> _REQUIRED ACTION_: Please make an exact copy of the lines from the one holding "SWEET DEAL letters, teddy" through the end of the data, both ends included, with no pictures.

> _DATA SHOWN_:

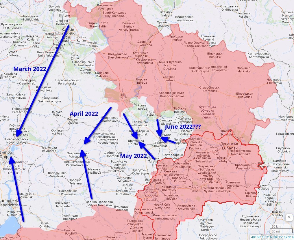 Основные усилия армия РФ, как и раньше направляет на окружение Северодонецка (административного центра подконтрольной Украине части Луганской области) и соседнего с ним Лисичанска с севера и юга.
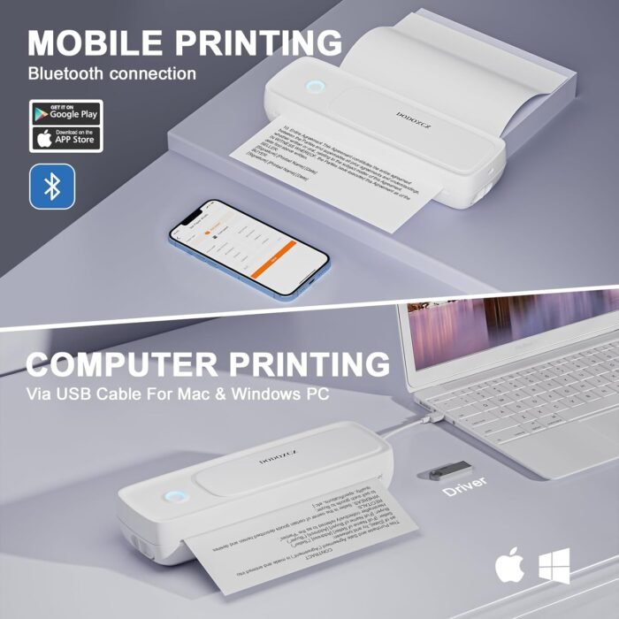 Bluetooth Printer-strong compatibility Printer, Our mobile sticker printer easily connects to smart devices with iOS & Android systems via Bluetooth, and also functions as a compact printer for laptops and computers. Setup takes just 5 minutes from unboxing, making it a breeze to get started. (Note: For smartphone printing, please download the app in advance. For laptops, install the driver first.)
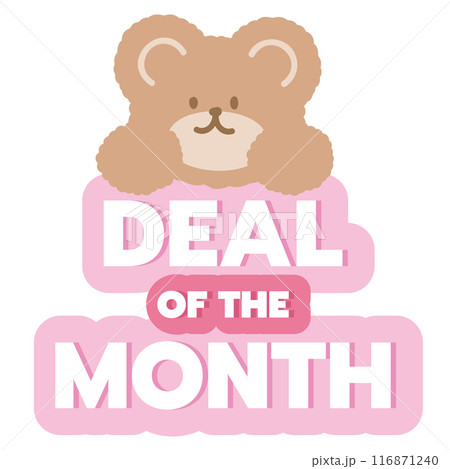 SWEET DEAL letters, teddy bear, heart on pink background for banner template, campaign, standee, wallpaper, backdrop, online shopping, promotion, discount sticker, brochure, Valentine, zoo, cartoon
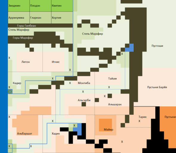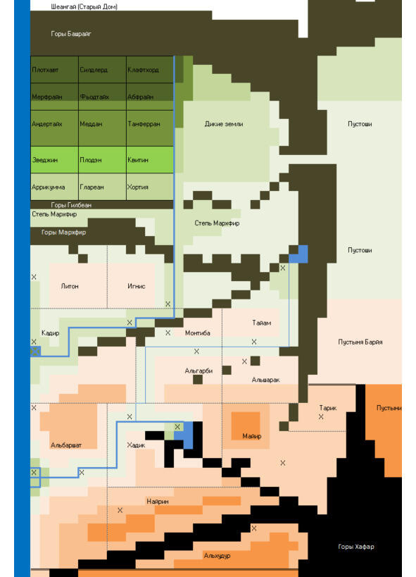 Карта земель, известных на конец VI века После Падения Звезды.

> _RESPONSE AREA_:
 SWEET DEAL letters, teddy bear, heart on pink background for banner template, campaign, standee, wallpaper, backdrop, online shopping, promotion, discount sticker, brochure, Valentine, zoo, cartoon
 Карта земель, известных на конец VI века После Падения Звезды.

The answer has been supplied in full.